■ **INPUT FOR THIS TASK**:
-- Opening Marker --
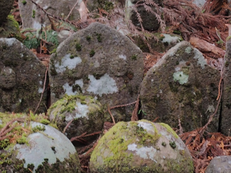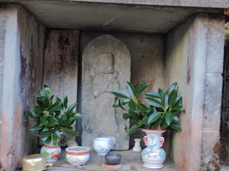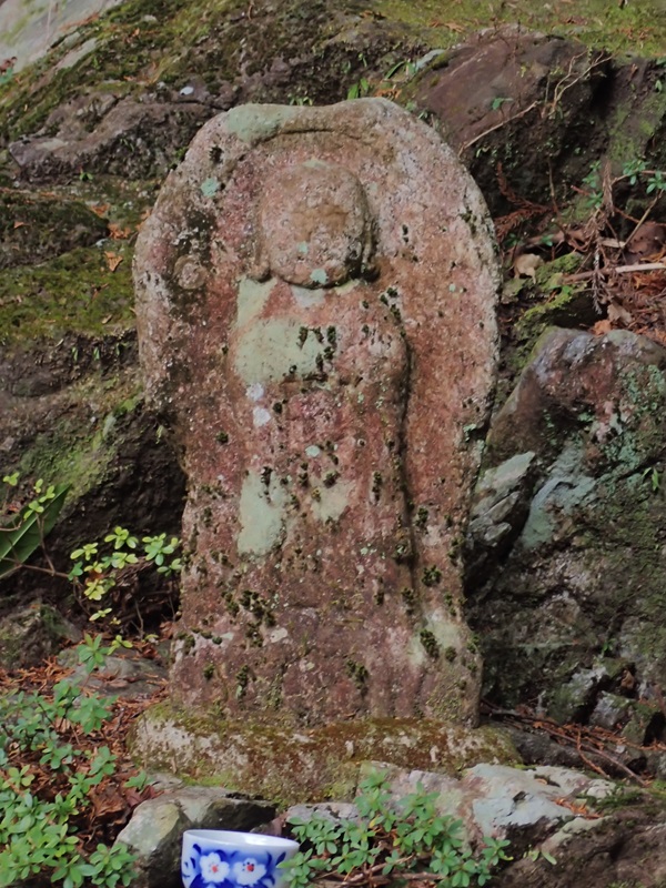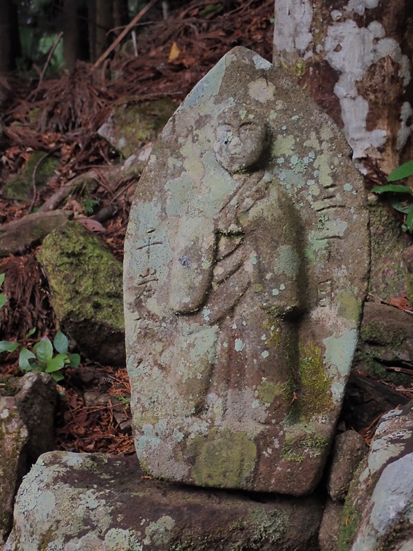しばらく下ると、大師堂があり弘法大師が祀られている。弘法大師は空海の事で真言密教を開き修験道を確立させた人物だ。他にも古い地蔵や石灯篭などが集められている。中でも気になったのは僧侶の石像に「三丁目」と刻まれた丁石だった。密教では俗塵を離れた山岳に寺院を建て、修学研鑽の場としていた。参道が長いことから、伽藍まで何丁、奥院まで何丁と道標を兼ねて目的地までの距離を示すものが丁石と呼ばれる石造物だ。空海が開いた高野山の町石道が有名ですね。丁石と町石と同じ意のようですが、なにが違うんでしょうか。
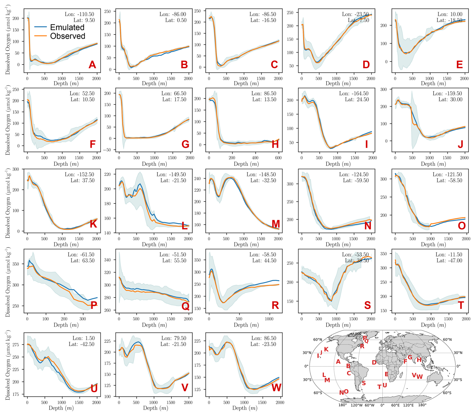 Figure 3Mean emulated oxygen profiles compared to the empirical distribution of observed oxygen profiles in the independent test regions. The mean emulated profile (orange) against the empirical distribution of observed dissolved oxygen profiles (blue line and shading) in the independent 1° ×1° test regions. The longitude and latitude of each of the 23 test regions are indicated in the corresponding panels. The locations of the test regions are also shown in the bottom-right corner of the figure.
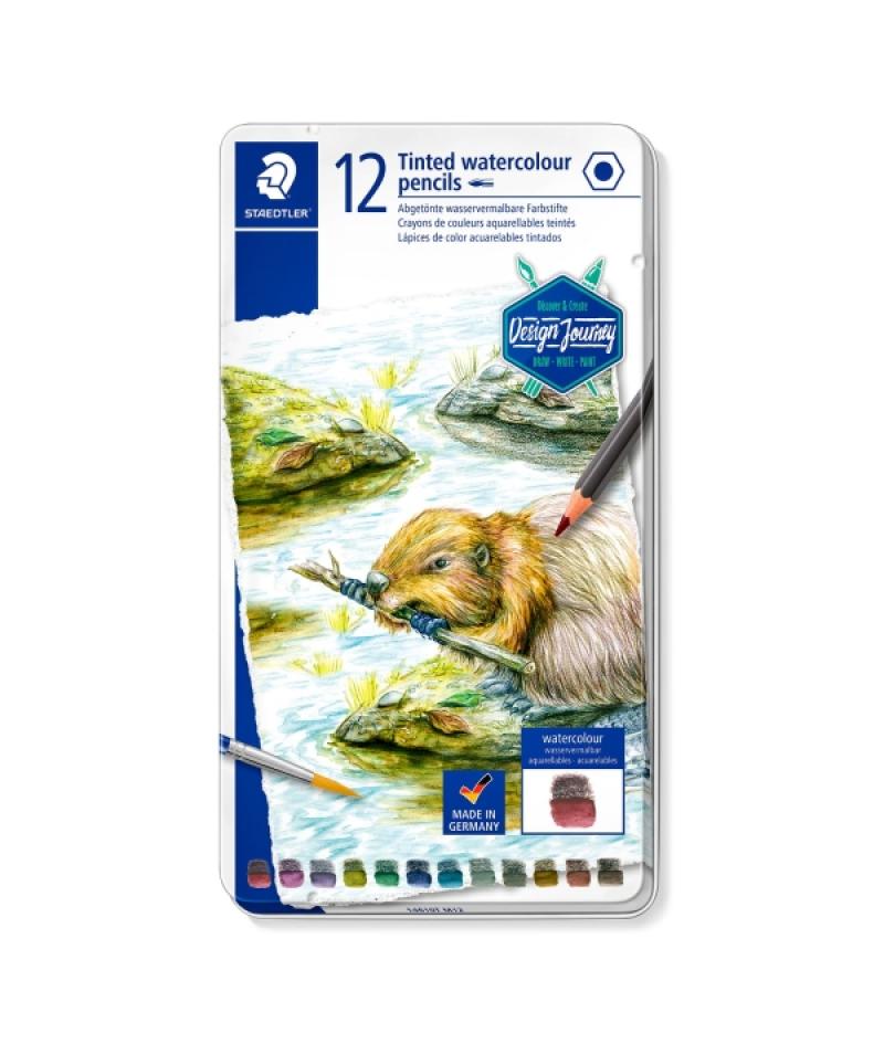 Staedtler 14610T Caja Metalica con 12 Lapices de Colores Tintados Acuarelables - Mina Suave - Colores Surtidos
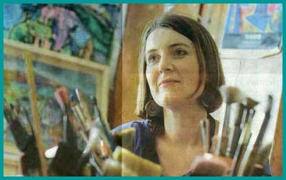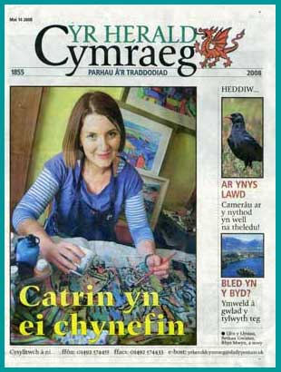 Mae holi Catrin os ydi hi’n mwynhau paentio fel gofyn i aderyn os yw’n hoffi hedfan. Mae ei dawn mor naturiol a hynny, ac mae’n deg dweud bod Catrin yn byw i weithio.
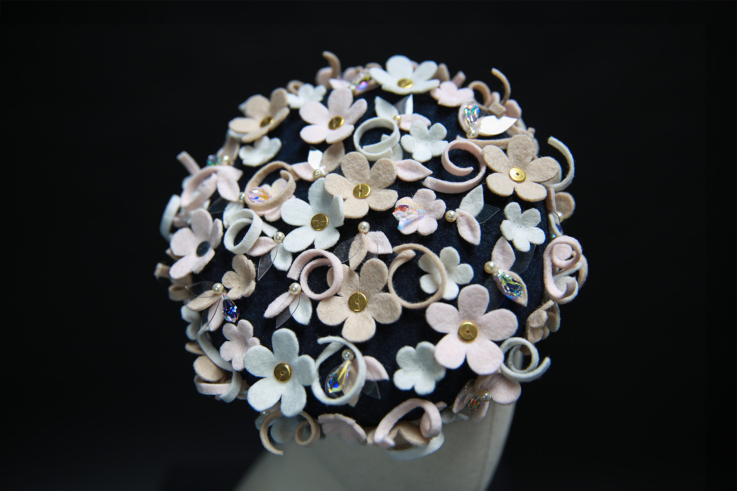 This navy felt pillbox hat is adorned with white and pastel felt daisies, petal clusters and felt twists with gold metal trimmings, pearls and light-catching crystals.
-- Closing Marker --
■ **TASK GOAL**:
Your reply should give again exactly the lines from the one with "Figure 3Mean emulated" through the last line of the data, with both ends included and pictures left out.

■ **WRITTEN SOLUTION**:
 Figure 3Mean emulated oxygen profiles compared to the empirical distribution of observed oxygen profiles in the independent test regions. The mean emulated profile (orange) against the empirical distribution of observed dissolved oxygen profiles (blue line and shading) in the independent 1° ×1° test regions. The longitude and latitude of each of the 23 test regions are indicated in the corresponding panels. The locations of the test regions are also shown in the bottom-right corner of the figure.
 Staedtler 14610T Caja Metalica con 12 Lapices de Colores Tintados Acuarelables - Mina Suave - Colores Surtidos
 Mae holi Catrin os ydi hi’n mwynhau paentio fel gofyn i aderyn os yw’n hoffi hedfan. Mae ei dawn mor naturiol a hynny, ac mae’n deg dweud bod Catrin yn byw i weithio.
 This navy felt pillbox hat is adorned with white and pastel felt daisies, petal clusters and felt twists with gold metal trimmings, pearls and light-catching crystals.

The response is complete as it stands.